Figure 4 CentralStorageStrategy. From TensorFlow

You can create an instance of CentralStorageStrategy with the following code:

central_storage_strategy = tf.distribute.experimental.CentralStorageStrategy()
Copy the code

This creates an instance of CentralStorageStrategy that will use all visible Gpus and cpus. Updates to variables on replicas are aggregated before being applied to variables.

Note: This strategy is experimental, and we are currently working to make it available for more scenarios. Stay tuned for future API changes. The advantage of CentralStorageStrategy is that the GPU load is balanced, but the communication cost between CPU and GPU is high.

2.5 ParameterServerStrategy

Parameter server training is a common data parallel method that can be extended to multiple machines. A parameter server training cluster consists of workers and parameter servers. The parameter server is used to create/manage variables uniformly during the training process (each variable of the model is placed on the parameter server) and the variables are read and updated by the worker at each step. Calculations are copied to all gpus of all worker processes (note: this V1 policy only applies to the Estimator API).

In TensorFlow 2, parameter server training uses a central coordinator-based architecture, Through this tf. Distribute. Experimental. The coordinator. ClusterCoordinator class to complete.

The TensorFlow 2 parameter server updates asynchronously, that is, variables are read and updated independently on each working node without any synchronous operation. Because the work nodes are not dependent on each other, this strategy can be fault-tolerant for workers, which can be helpful when using preemptive servers.

In this implementation, the worker and parameter Servers run tF.distribution.Servers to hear the coordinator’s tasks.
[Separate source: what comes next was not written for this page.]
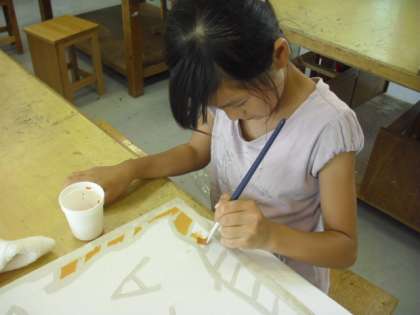 図工室での“ろうけつ染めでバンダナをそめよう”は今年初めての講座でした。長い時間になりましたが、やけどをしないように気をつけながら、作業し、お気に入りの作品ができました。

The coordinator is responsible for creating resources, assigning training tasks, writing checkpoints, and handling task failures.

Figure 5 ParameterServerStrategy. From TensorFlow

To run on the coordinator, you need to define the training steps using the ParameterServerStrategy object and dispatch the training steps to remote workers using the ClusterCoordinator. Here is the easiest way to create them.

strategy = tf.distribute.experimental.ParameterServerStrategy( tf.distribute.cluster_resolver.TFConfigClusterResolver(),  variable_partitioner=variable_partitioner) coordinator = tf.distribute.experimental.coordinator.ClusterCoordinator( strategy)Copy the code

Note: If you use TFConfigClusterResolver, you will need to configure the TF_CONFIG environment variable. It is similar to the ‘TF_CONFIG MultiWorkerMirroredStrategy, but there are additional considerations. In TensorFlow 1, Pat ParameterServerStrategy only by tf.com. V1. Distribution. Experimental. ParameterServerStrategy symbols used with Estimator.

Note: This strategy is experimental and is currently under active development.

2.6 Other Policies

In addition to the above strategies, there are two other strategies that might be helpful for prototyping and debugging using the TF.Distribute API.

2.6.1 Default Policy

The Default Strategy is a distributed policy that is used when no explicit distribution policy is specified in the scope. This policy implements the TF.distribute.Strategy interface, but only has the pass-through function, and does not provide actual distribution. For example, strategy.run(fn) only calls fn. Code written with this policy is exactly the same as code written without any policy. You can think of this as a “no operation no-op” policy.

The default policy is a single instance and no more instances of it can be created. This policy can be obtained by using tf.distribut.get_strategy () outside the scope of any explicit policy (the same API that can be used to obtain the current policy within the scope of the explicit policy).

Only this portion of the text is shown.